Even if you don’t know her name, you will know her trademark pageboy haircut and massive sunglasses. Anna Wintour, Vogue editor and fashion luminary, has helmed the high-end fashion glossy since 1988 and has earned the nickname of ‘Nuclear Wintour’ thanks to her infamously fickle temperament.
‘The lady doth protest too much.’ Taken from the lines of Hamlet, one thinks of this statement when watching ‘The Devil Wears Prada,’ the movie is based on a book written by Anna Wintour’s former assistant and based on her time working for the most feared woman in the magazine world. From what one gleans, it would appear that nothing was good enough for ‘Miranda Priestley,’ and the poor assistants didn’t know which way was up or which day it was. It would seem that Wintour’s character also expected the poor girls to read her mind and never sleep.

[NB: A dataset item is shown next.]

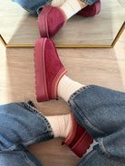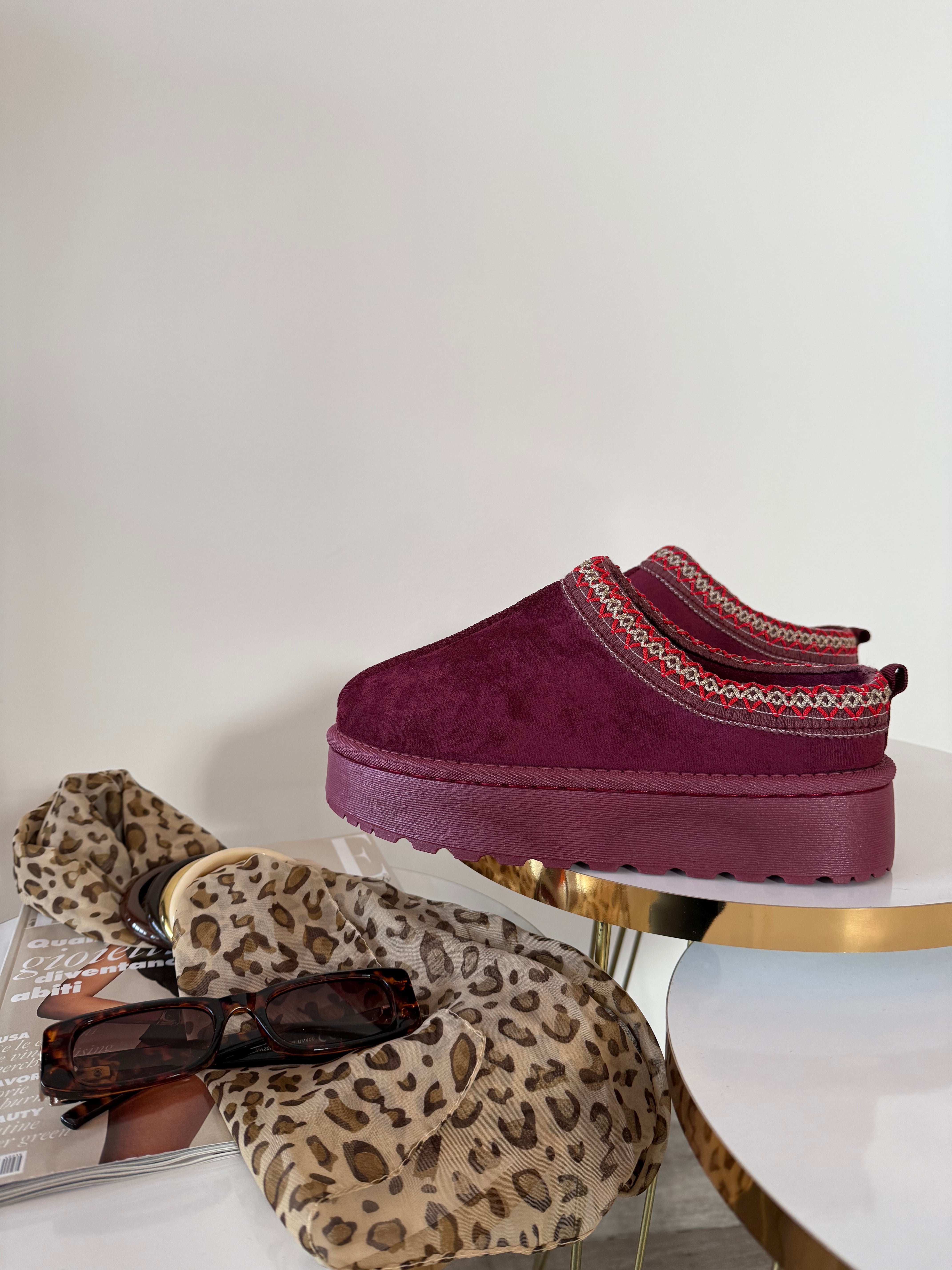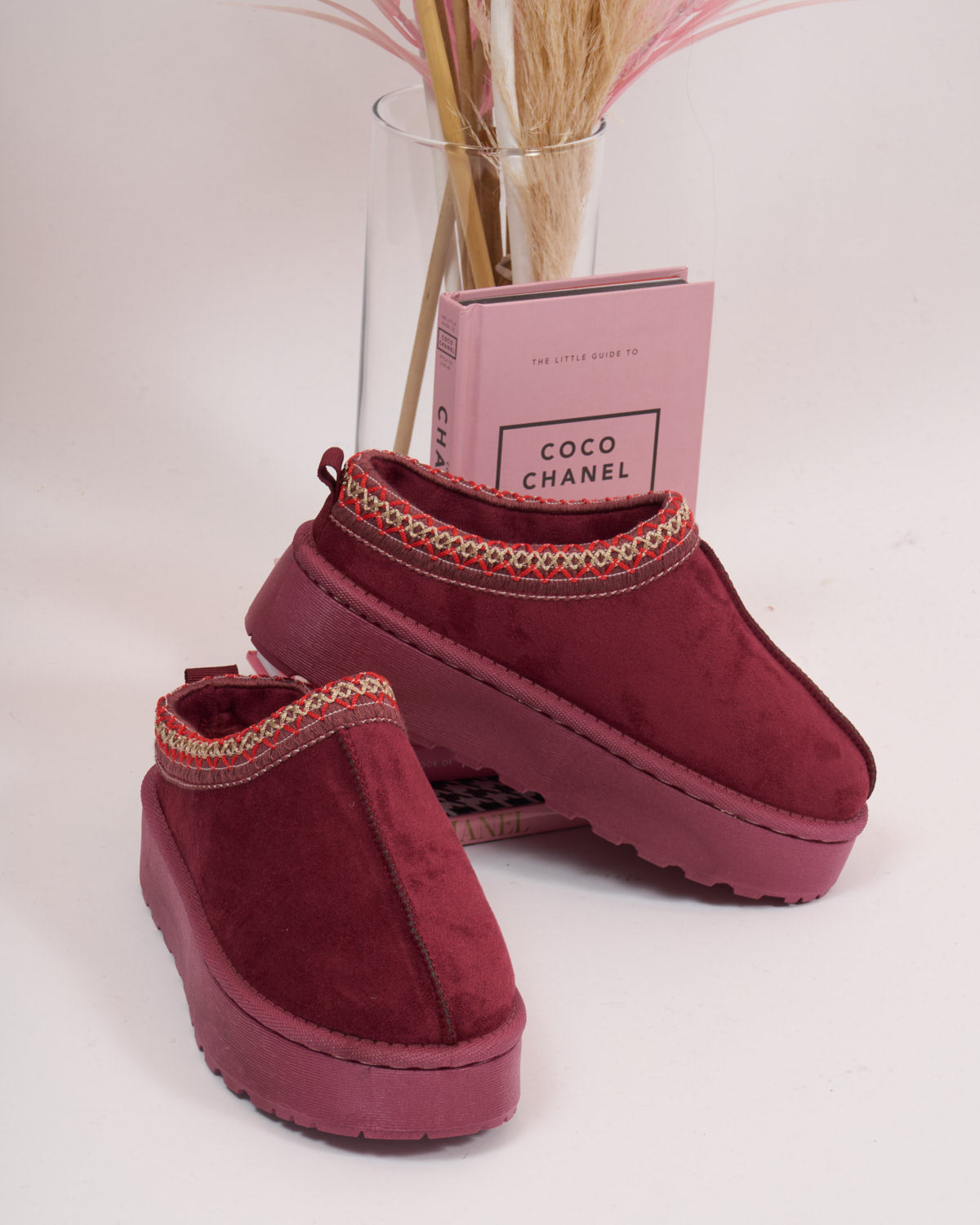 Ciabatta per esterno con tomaia in eco camoscio, interno termico in eco pelliccia.

Born in Britain in 1949 to Charles Wintour, Evening Standard editor, Anna started showing a flair for fashion and style at the age of 13. She was certainly no conformist and tried the patience of her teachers when she constantly took up the hemline of her school dress. Faithfully following the trends suggested by Seventeen Magazine – sent to her by her American grandmother – Wintour became something of a clothing guru and her father sought her advice on the latest fashion news for his Evening Standard editions.
At the age of 20 she began her fashion journalism career with Harper’s Bazaar and through her extremely interesting climb up the fashion magazine ladder Wintour always made it perfectly clear that she wanted to be the editor of Vogue. At the age of 30 Anna Wintour was offered an interview for a potential position at Vogue, which did not end well when she told Grace Mirabella (editor of Vogue) that she wanted her job. She eventually got the job, but she started as UK Vogue editor. Her staffers were then treated to her militaristic control and their time under her was referred to as their “Wintour of discontent.”
Regardless of personal feelings, one could never ever say that Anna Wintour was not talented. She got the job done and her visions and themes for photoshoots may not have been appreciated by others, but one cannot dispute that the lady took Vogue to new heights.
Where other editors feared to tread, Wintour danced. She was the visionary who saw the value in putting celebrities on the covers of Vogue magazines. When other magazine houses were still using regular models in stilted shoots, on front covers, Wintour was organising shoots as naturally or as made-up as the mood took her.
A few decades later and she still helms the magnificent Vogue magazine however there is no doubt that it appeals more to the high-end market. Anna Wintour is the master of fashion and all of her 62 years old can still be seen sitting at the front row at fashion weeks in Paris, Milan and New York. She’s definitely a talented fashion force to be reckoned with.